Life is not of course a strict dualism—those who are “fat, dumb, and happy,” and those who feel lost though they may be at home. Nevertheless, in Percy’s milieu, the alienation that plagues the castaway is at its heart a kind of terrible blessing. The man with no name is painfully aware of his impoverishment, his dispossession . . . his “predicament,” and this awareness forces him to question his existence. He is like the canary in the coal mine. His malady presages the condition of the island society at large. It is unpleasant, even at times unbearable to have this awareness; but it also gives the castaway a reason to go on. Though he still “eats, and sleeps, and loves,” all other things must pale in comparison to the search.

In an embracement of Percy’s symbolic paradigm, let us accept that we are this shipwrecked man—amnesiac castaways—that we are all in the world but not of the world. Some have no inclination or desire to remember; they are “quite content and at home in the world.” Notwithstanding, others of us are painfully aware of our predicament, and that awareness troubles us. We are troubled by the knowledge that we have a true name for which there are no records, and memories we can barely remember we forgot. Like the castaway, we are driven to comb the beaches of our existence, to search for clues—for messages in bottles—to piece together whatever meaning the shipwreck has shattered.
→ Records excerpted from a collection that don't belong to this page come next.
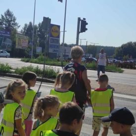wybrały się na edukacyjny spacer na pobliskie skrzyżowanie z sygnalizacją świetlną.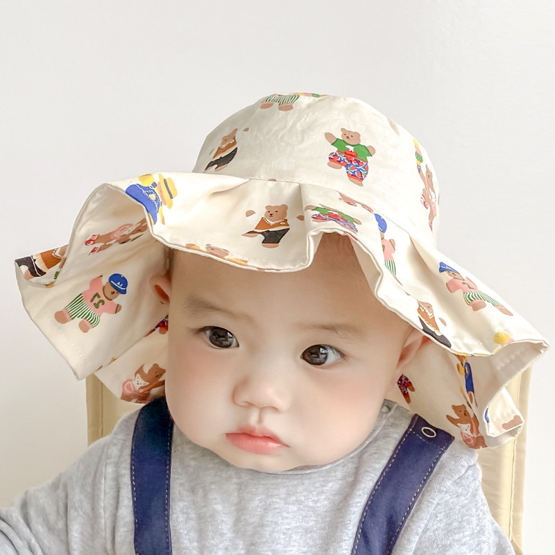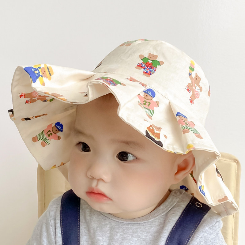 新款夏季儿童渔夫帽防晒大帽檐卡通遮阳帽婴儿男女宝宝薄款太阳帽
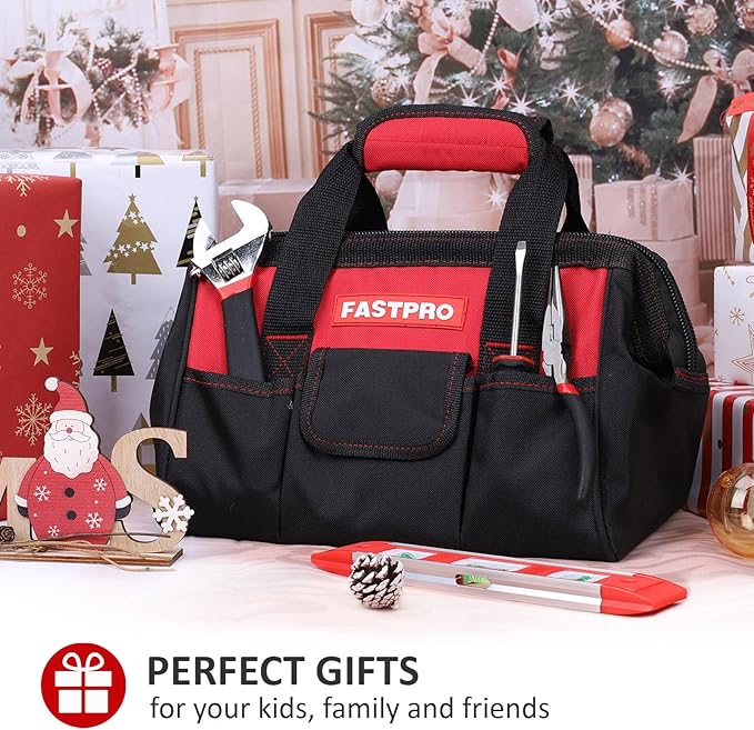 FASTPRO 215-Piece Home Repairing Tool Set with 12-Inch Wide Mouth Open Storage Bag,Household Hand Tool Kit,Red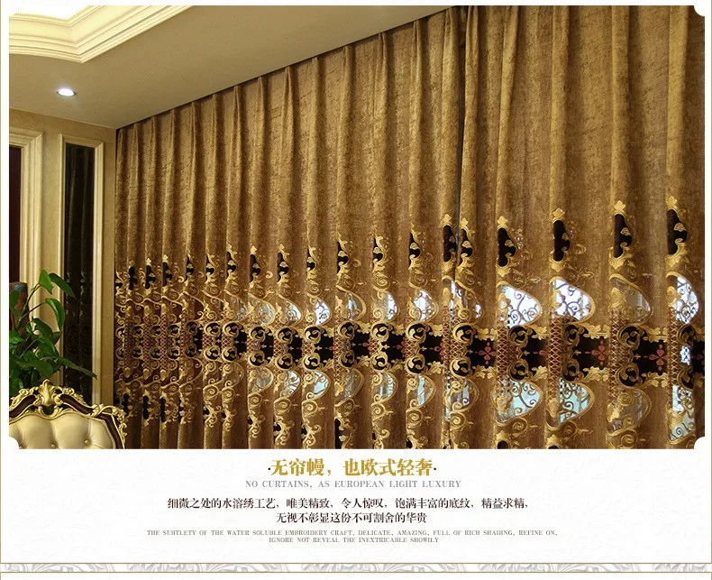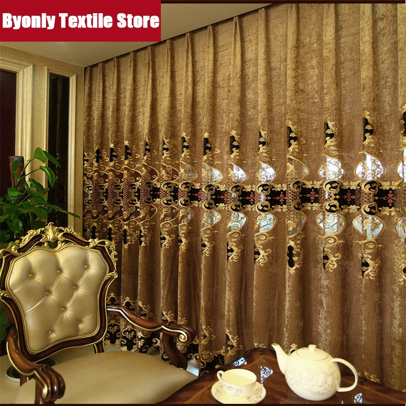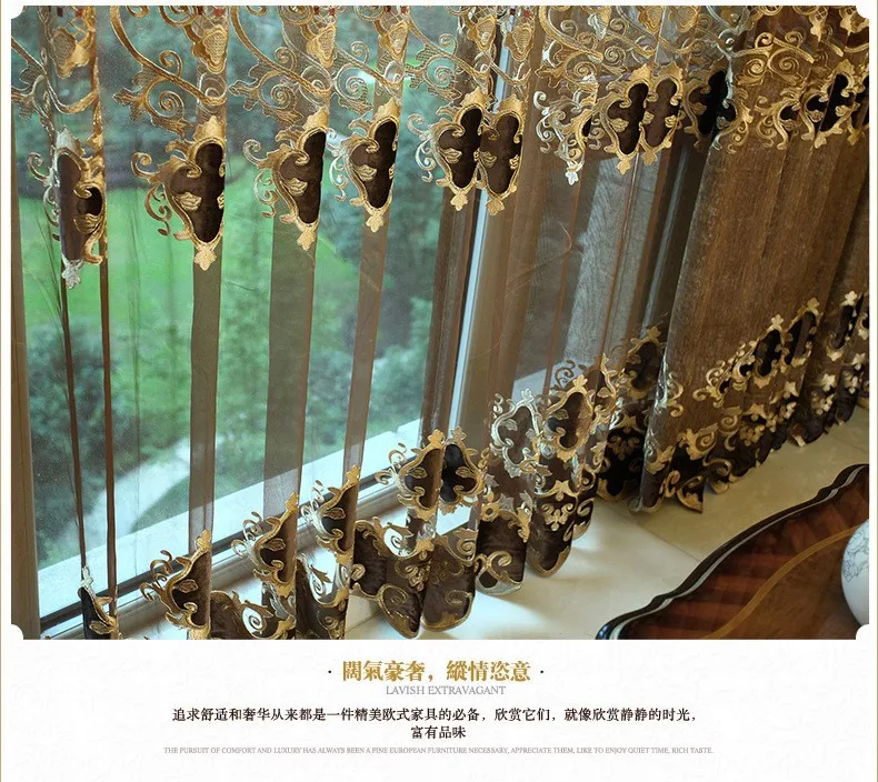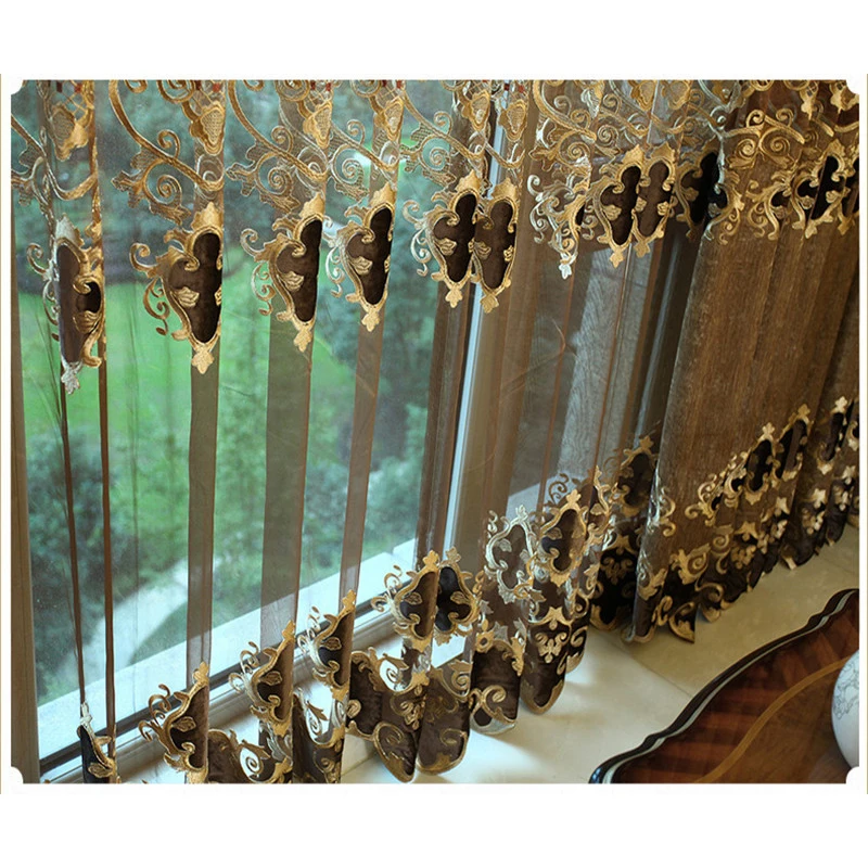 Европейские Роскошные коричневые вышитые занавески для гостиной, спальни, кухни, Золотой с отвесным подходящим фон с окнами Valance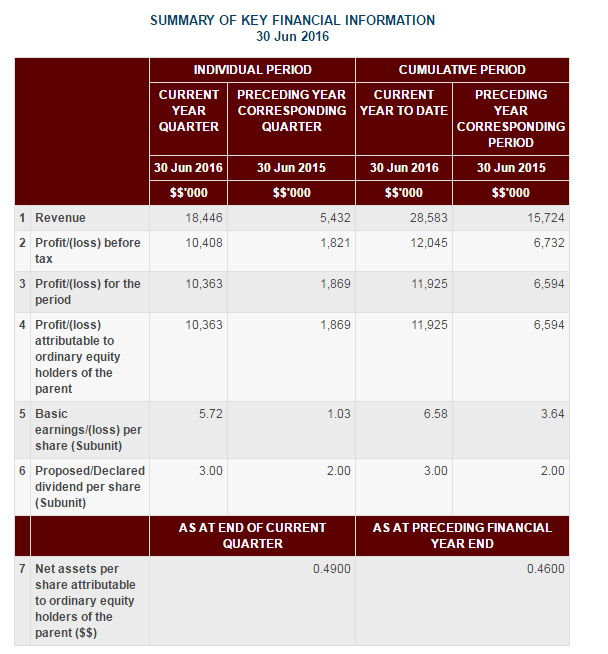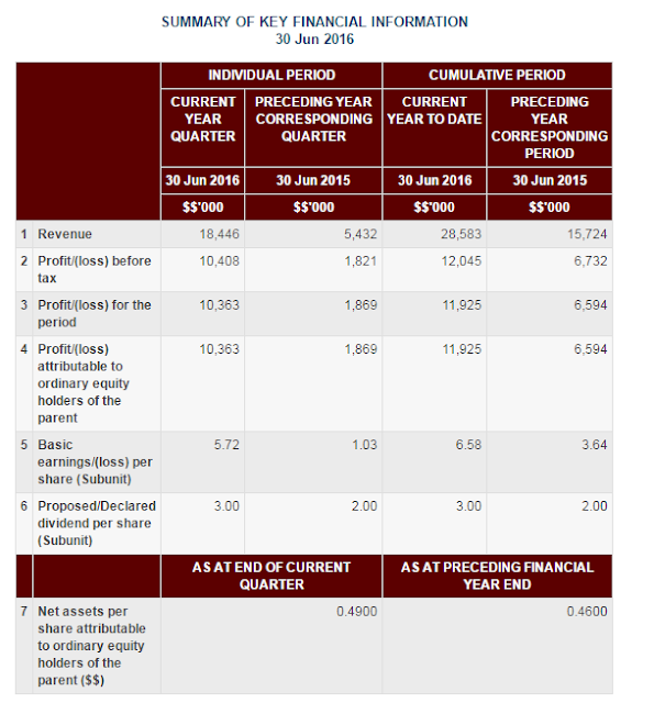这次Q2,2016的季报,记载了近年来最好的‘突飞猛进’,和去年同季相比,营业额飙升240%,Profit before tax 也升至472%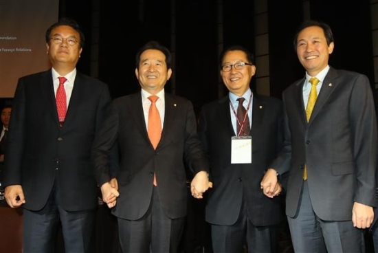 한편, 새누리당 정진석·더불어민주당 우상호·국민의당 박지원 등 3당 원내대표도 이번 포럼에 참석해 정 의장과 같은 테이블에서 오찬을 했다. 최근 김재수 농림축산식품부 장관 해임건의안 처리에 따른 국회파행이 봉합된 이후 3명의 원내대표의 처음 만나는 자리란 점에서 관심을 끌었으나 이들은 ‘국회의장 중립법’ 발의 계획과 새누리당의 정 의장 형사고발 취하 등 현안에 대해선 별다른 얘기를 나누지 않은 것으로 전해졌다.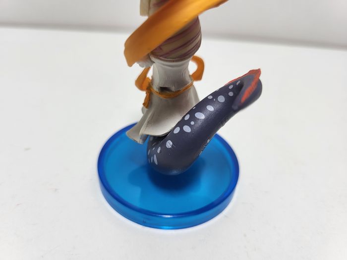 La figurine est d'occasion sans boite. Quelques marques et poussières sur la figurine et sur le socle. Les 2 parties plastique blanche ne rentre pas correctement dans la figurine. (voir photos)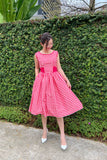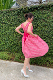 This dress is inspired by a true vintage piece that had me obsessed with the sash at the waist as it creates the illusion of a smaller waist. It has a circle skirt and is fully lined. There is a zip fastening at the back and comes with 2 hidden pockets.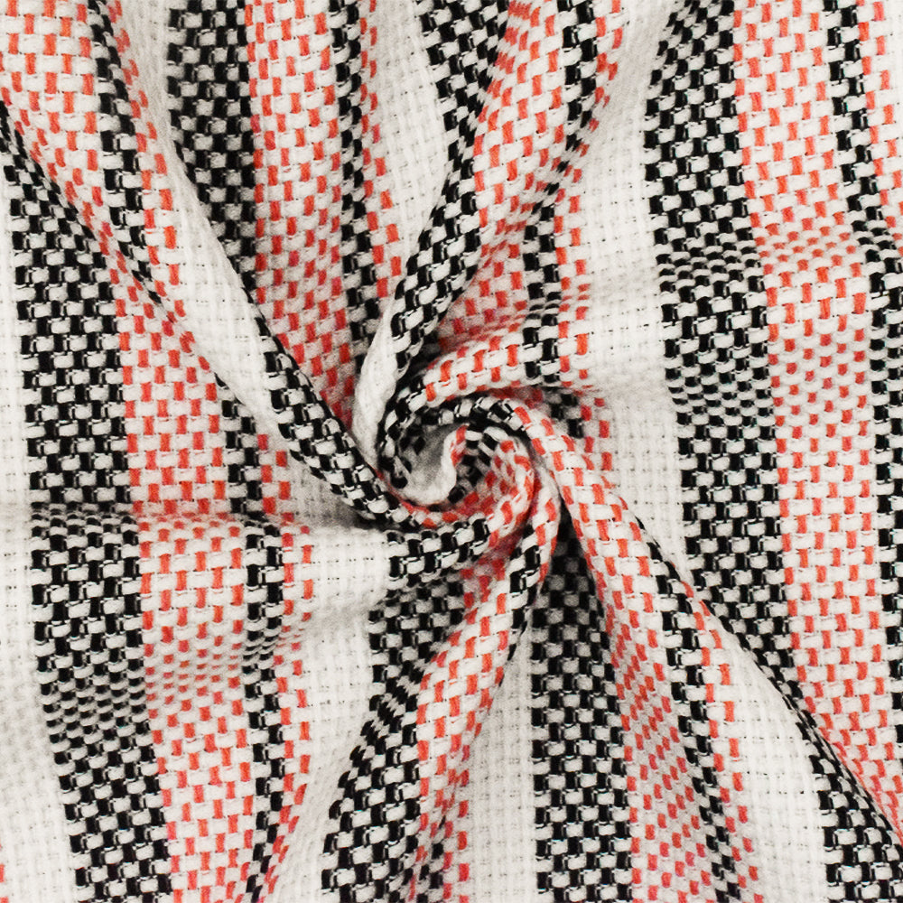 Bright Orange-Black-White Stripe Poly-Linen Dobby Woven Fabric

Our symbolic beaches may take different forms for different searchers: art, philosophy, theology, quantum mechanics, etc., but each is a response to the same predicament—that something is missing, that we don’t have all the answers, and that we are not whole without them. And even though we may never piece together all the answers, we search nonetheless. To this end we establish this journal, as a forum where this search for meaning in its many forms may take place.